Soledad O’Brien, Peter King battle over 'apology'

Sep 17, 2012 Issues: Counterterrorism

Politico -- by Katie Glueck

New York Rep. Peter King and CNN’s Soledad O’Brien sparred Monday over whether President Barack Obama went abroad on an “apology tour” - as some Republicans have characterized it - after taking office.

“Never once in that speech, as you know…I have the speech right here…he never once used the word ‘apology,’” O’Brien said, referring to Obama’s 2009 address in Cairo. “He never once said, ‘I’m sorry.’”

“He didn’t have to,” King shot back. “Any logical reading of that speech, or the speech he gave in France, where he basically said that the United States can be too aggressive.”

O’Brien interrupted, offering the date of that speech—“April 3, 2009”—and adding, “but that’s not apology.”

“He was overseas, criticizing American officials and the CIA and others,” said King, chairman of the House Homeland Security Committee. “When he says that we lost our ideals—these are the people who kept us safe for eight, nine years against Islamic terrorists.”

The CNN host, brandishing copies of Obama’s speeches, said, “I’m trying to find the words, ‘I’m sorry,’ ‘I apologize,’ in any of those speeches.”

She added that the website Factcheck.org has debunked the notion that the president went on an “apology tour.”

“I don’t care what Factcheck says,” King said.

“They’re a fact-checker!” O’Brien said. “You may not care, but they’re a fact-checker.”

King again stressed context.

“Any common-sense interpretation of those speeches, the president’s apologizing for the American position,” he said. “That’s the apology tour.

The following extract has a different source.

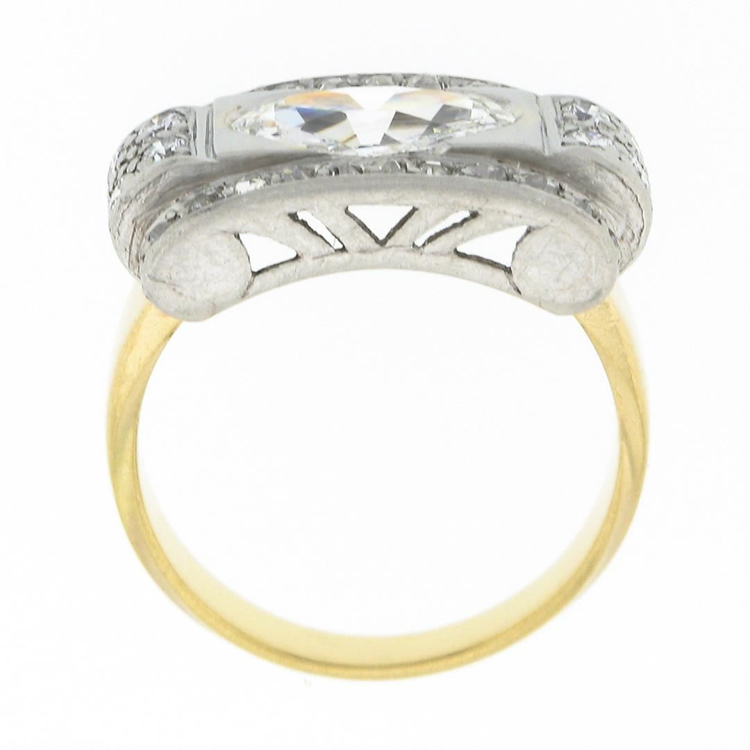 An antique solid 18k yellow gold & platinum platter ring, with 1 GIA graded oval cut natural diamond (G - SI1 ; 1.10ct ), and 30 old rose & old European cut natural diamonds (G/H - SI1/SI2 ; 0.30ctw). The ring is size 6.0, weighs a total of 7.46 grams, and measures 10.7mm wide. Comes with all original relevant certifications.

That’s the way it’s interpreted in the Middle East. If I go over there and say that the U.S. has violated its principles, that the United States has not shown respect for Islam, that’s an apology. How else can it be interpreted?”

O’Brien had a different—and heated—interpretation.

“I think plenty of people are interpreting it as a nuanced approach to diplomacy, is how some people are interpreting it,” she said. “So I don’t think everybody agrees it’s apology.”

“I don’t interpret it that way,” King said.

“Well, clearly,” O’Brien interrupted again.

“More important,” King continued, “our enemies don’t interpret it that way.”

“Well, I don’t know that that’s necessarily the case,” O’Brien said. “I think that’s what we’re trying to figure out.”

There, King conceded, she had a point.

“I think it is,” he said. “That’s where we have an honest difference of opinion.”